━━ LISTED ENTRIES ━━
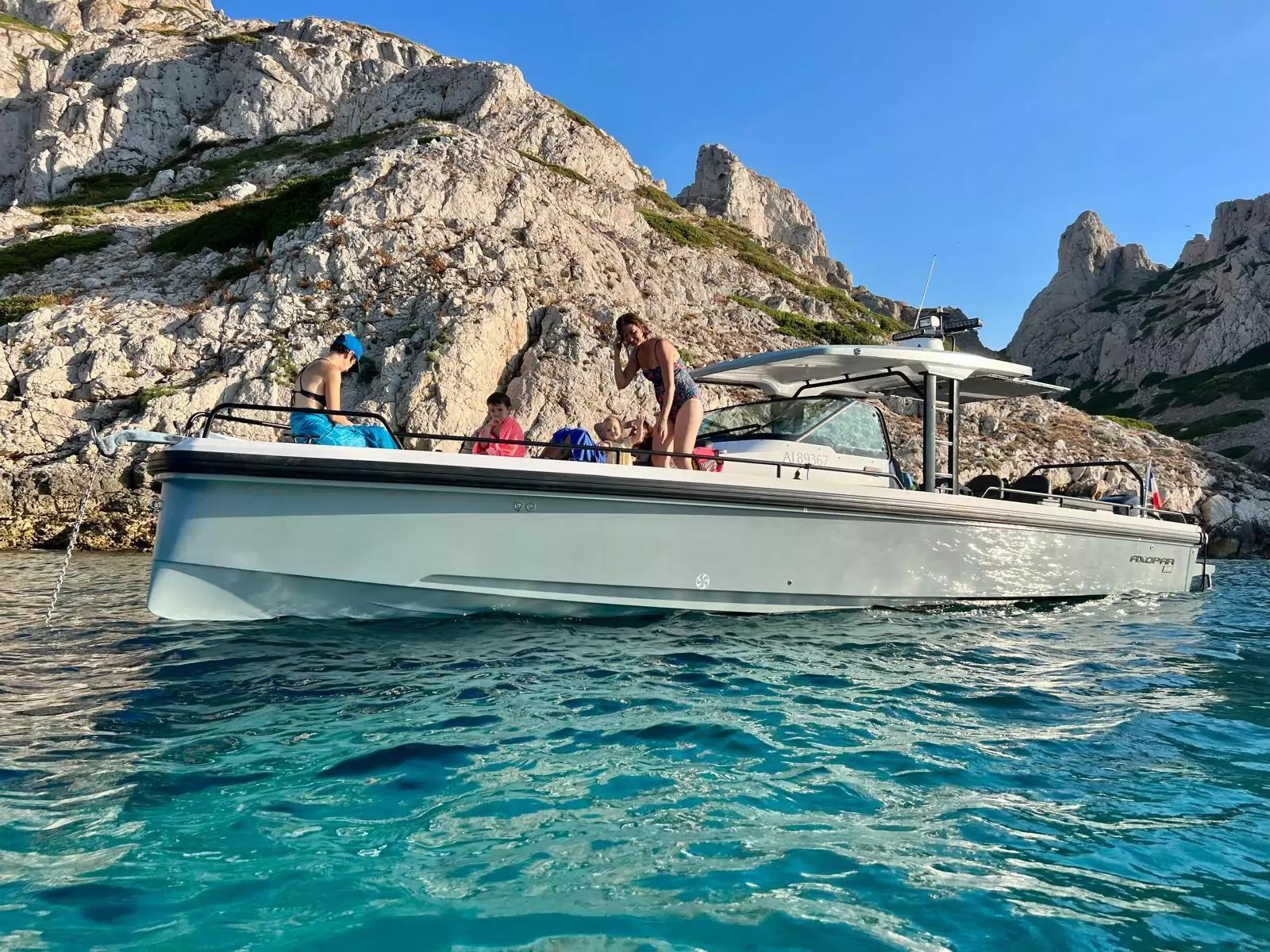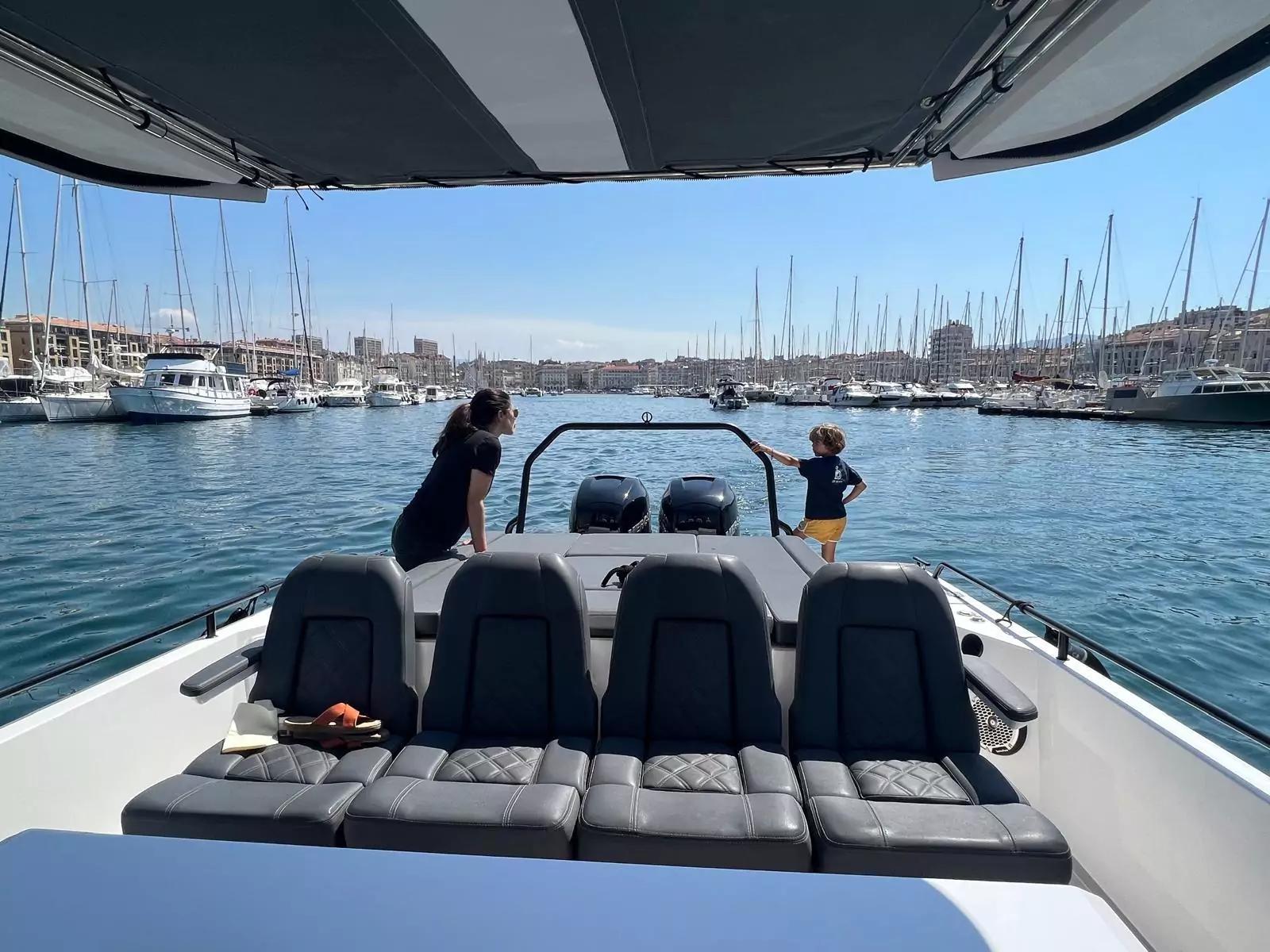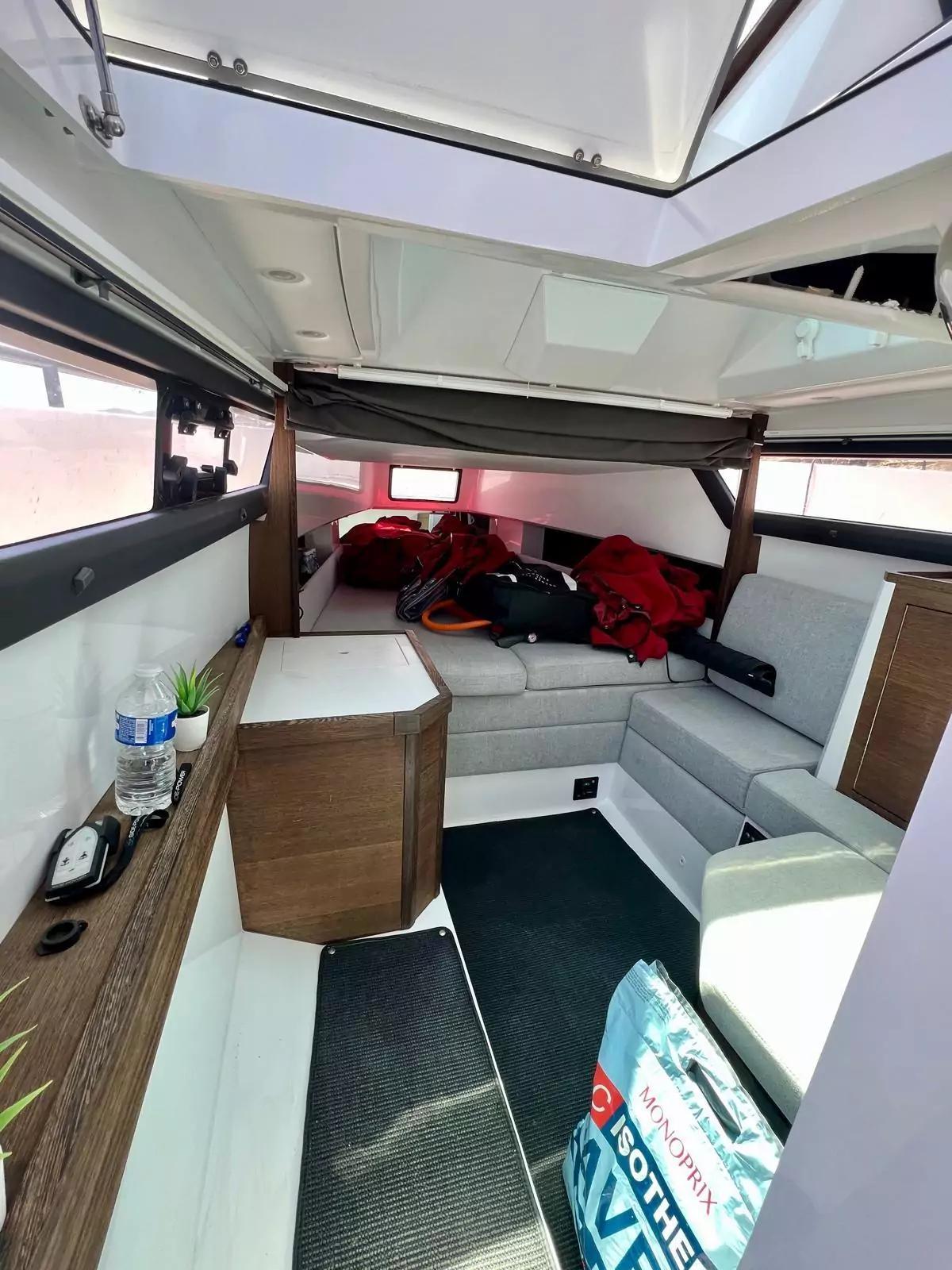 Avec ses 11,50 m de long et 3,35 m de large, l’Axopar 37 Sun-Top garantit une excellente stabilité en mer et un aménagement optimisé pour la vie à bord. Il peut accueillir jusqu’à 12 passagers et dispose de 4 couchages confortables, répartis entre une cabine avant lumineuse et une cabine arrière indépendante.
━━━
━━ LISTED ENTRIES ━━
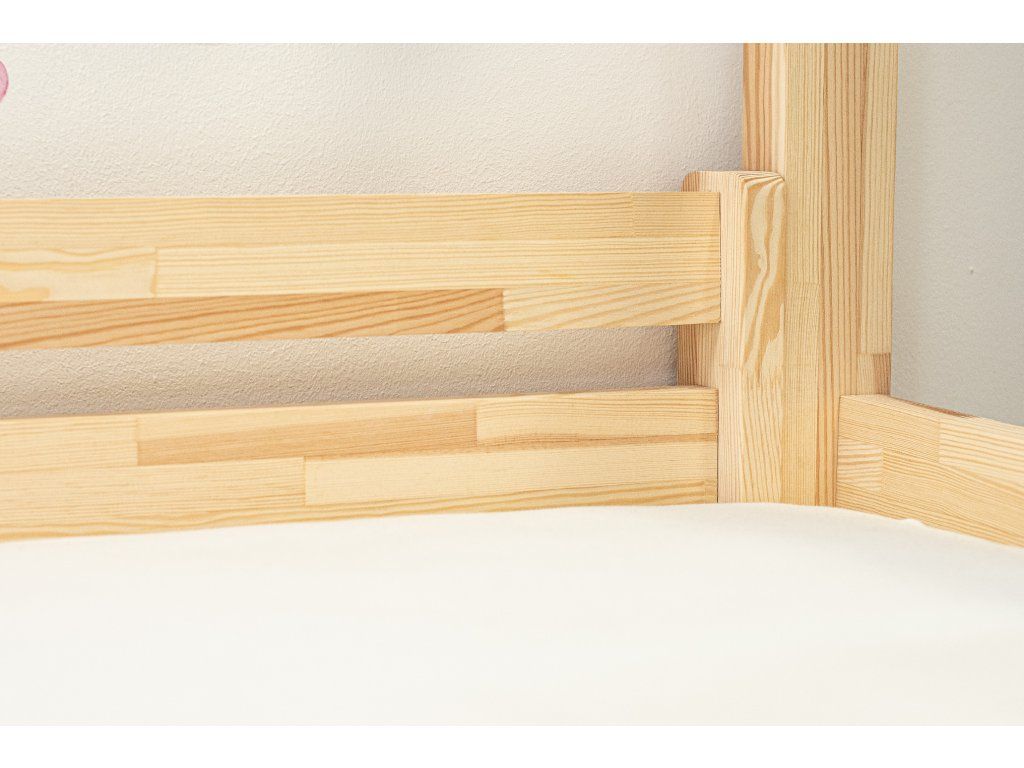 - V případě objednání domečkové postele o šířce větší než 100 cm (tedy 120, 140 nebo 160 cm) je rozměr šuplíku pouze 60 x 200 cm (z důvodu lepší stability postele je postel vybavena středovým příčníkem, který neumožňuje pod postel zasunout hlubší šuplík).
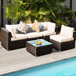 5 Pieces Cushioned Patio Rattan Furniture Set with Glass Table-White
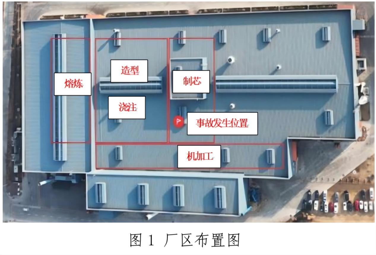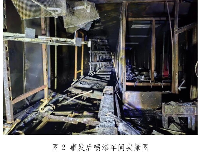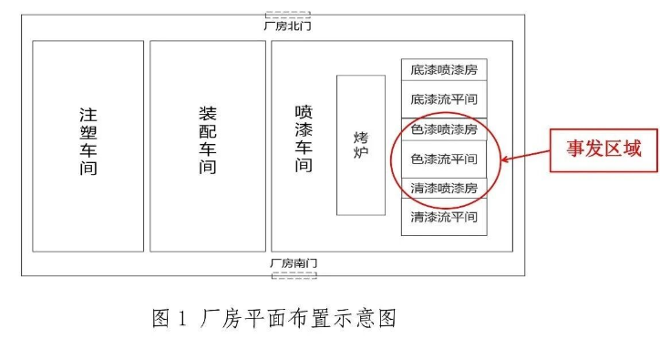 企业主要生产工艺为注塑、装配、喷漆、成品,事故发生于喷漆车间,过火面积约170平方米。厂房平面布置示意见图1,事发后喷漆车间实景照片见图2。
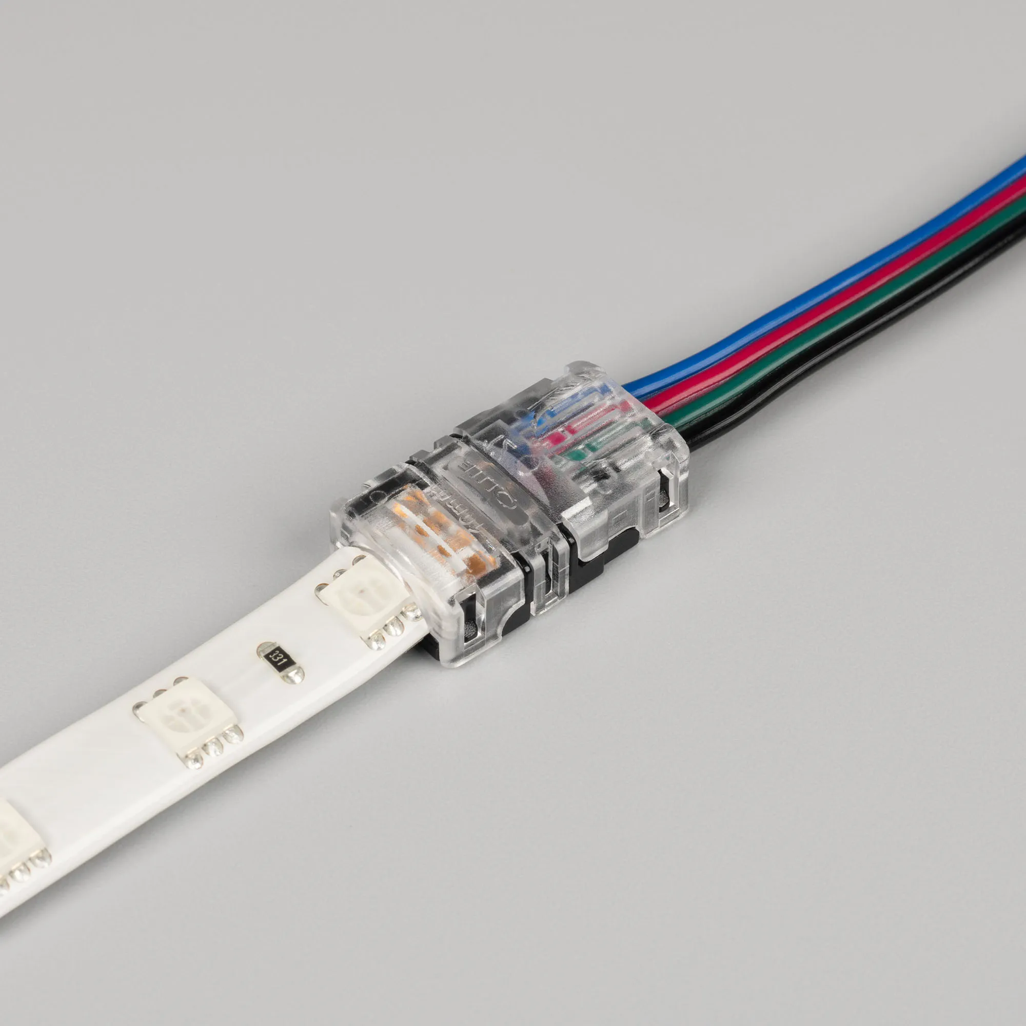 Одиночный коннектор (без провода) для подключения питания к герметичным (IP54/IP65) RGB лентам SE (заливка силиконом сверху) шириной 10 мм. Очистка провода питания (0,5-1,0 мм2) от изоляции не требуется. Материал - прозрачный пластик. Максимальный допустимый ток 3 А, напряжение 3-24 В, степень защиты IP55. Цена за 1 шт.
━━━
When you reach the line holding "- V případě" in the listing above, begin retyping exactly, and stop once the line holding "Одиночный коннектор (без" is done; pictures stay out.

 - V případě objednání domečkové postele o šířce větší než 100 cm (tedy 120, 140 nebo 160 cm) je rozměr šuplíku pouze 60 x 200 cm (z důvodu lepší stability postele je postel vybavena středovým příčníkem, který neumožňuje pod postel zasunout hlubší šuplík).
 5 Pieces Cushioned Patio Rattan Furniture Set with Glass Table-White
 企业主要生产工艺为注塑、装配、喷漆、成品,事故发生于喷漆车间,过火面积约170平方米。厂房平面布置示意见图1,事发后喷漆车间实景照片见图2。
 Одиночный коннектор (без провода) для подключения питания к герметичным (IP54/IP65) RGB лентам SE (заливка силиконом сверху) шириной 10 мм. Очистка провода питания (0,5-1,0 мм2) от изоляции не требуется. Материал - прозрачный пластик. Максимальный допустимый ток 3 А, напряжение 3-24 В, степень защиты IP55. Цена за 1 шт.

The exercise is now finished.